The successes of the wartime cinema suggested that the cinema of Great Britain had reached a new level of maturity and was poised to flourish and possibly escape from the shadow of Hollywood. There were some notable successes, including two films adapted from Graham Greene (1904–1991) novellas. One, Brighton Rock (John Boulting, 1947), starred a young Richard Attenborough (b. 1923) as Pinky Brown, the teenaged leader of a gang of Brighton thugs. The second, The Third Man (1949), directed by Carol Reed (1906–1976), was a thriller set in divided postwar Vienna and starred Joseph Cotton and Orson Welles; some have claimed it as the greatest British film of all time.
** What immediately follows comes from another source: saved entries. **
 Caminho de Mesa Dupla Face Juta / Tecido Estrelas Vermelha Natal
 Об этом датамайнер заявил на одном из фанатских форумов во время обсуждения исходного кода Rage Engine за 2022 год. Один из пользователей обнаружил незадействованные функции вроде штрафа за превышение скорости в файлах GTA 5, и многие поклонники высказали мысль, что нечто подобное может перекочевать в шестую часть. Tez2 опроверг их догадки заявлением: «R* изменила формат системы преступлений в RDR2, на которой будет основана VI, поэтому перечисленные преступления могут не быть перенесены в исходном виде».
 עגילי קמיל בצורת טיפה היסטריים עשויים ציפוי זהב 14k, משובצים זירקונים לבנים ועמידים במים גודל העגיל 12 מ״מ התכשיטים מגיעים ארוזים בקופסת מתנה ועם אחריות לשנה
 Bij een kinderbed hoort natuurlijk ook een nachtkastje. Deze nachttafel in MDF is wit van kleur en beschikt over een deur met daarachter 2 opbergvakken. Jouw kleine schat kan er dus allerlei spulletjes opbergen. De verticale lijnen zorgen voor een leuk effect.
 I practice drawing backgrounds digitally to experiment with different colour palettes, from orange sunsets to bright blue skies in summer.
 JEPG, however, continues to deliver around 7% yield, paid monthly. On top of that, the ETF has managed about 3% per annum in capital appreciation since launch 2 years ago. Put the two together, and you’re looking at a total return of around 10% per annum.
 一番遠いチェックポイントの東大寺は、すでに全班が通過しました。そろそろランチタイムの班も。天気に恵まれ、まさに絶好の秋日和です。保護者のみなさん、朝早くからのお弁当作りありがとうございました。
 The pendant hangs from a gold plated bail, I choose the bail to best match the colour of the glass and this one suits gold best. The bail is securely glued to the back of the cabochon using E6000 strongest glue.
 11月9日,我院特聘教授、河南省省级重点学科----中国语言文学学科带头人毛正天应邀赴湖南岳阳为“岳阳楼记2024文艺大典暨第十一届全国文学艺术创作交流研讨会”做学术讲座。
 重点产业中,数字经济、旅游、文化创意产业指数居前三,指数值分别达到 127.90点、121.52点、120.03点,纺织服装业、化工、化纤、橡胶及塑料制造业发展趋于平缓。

Yet while the immediate postwar years held a great deal of promise, the cinema of that era did not necessarily live up to the expectations for it. By the 1950s the British market was effectively controlled by two firms, Rank and Associated British Picture Corporation (ABPC). Additionally, cinema attendance declined from the peak of the war years. As indicated by Rank's increased intervention in Gainsborough, consolidation meant that costs could be reined in, so that while money was still lavished on quality films being made by bigger-name directors, the bulk of the company's output was material that would fill out programs in Rank-owned theaters. Rank also hoped to make greater inroads into the American market and saw the bigger-budgeted epics as a means of achieving this. A number of Britain's key directors in effect became independent contractors to Rank, and producing such films as Powell and Pressburger's Black Narcissus and The Red Shoes and David Lean's (1908–1991) Brief Encounter along with his subsequent success, Great Expectations (1946).

Most key personnel left Gainsborough after Rank began his interference in 1946. Rank named Sydney Box the new head of Gainsborough, hoping that Box could continue the studio's commercially successful tradition of melodrama. Box, however, was more interested in social realism, and the period of Box's leadership, in which he was hampered by a myriad of organizational problems, saw a dramatic decline in the studio's box-office appeal until Rank closed Gainsborough in 1950. One key personnel move made by Box during his short tenure was the appointment of his sister, Betty Box (1915–1999), to head of production at Gainsborough's Islington studio. While she struggled under difficult conditions, Box established herself as a significant producer, and once Gainsborough closed, she continued to work for Rank at Pinewood Studios. Her biggest success was with Doctor in the House (1954), the first film in a long-running series. Doctor in the House starred Dirk Bogarde (1921–1999), whose success in the title role helped establish him as the "Idol of the Odeons." Bogarde dominated the British box office and popularity polls through much of the 1950s, reprising his Doctor role in three sequels as well as starring in another Betty Box–produced film, A Tale of Two Cities (1958), an adaptation of Dickens's novel. Bogarde's later career was marked by more serious roles, beginning with Victim (1961), the first British film to deal explicitly with homosexuality, and including Joseph Losey's (1909–1984) The Servant (1963) and Accident (1967).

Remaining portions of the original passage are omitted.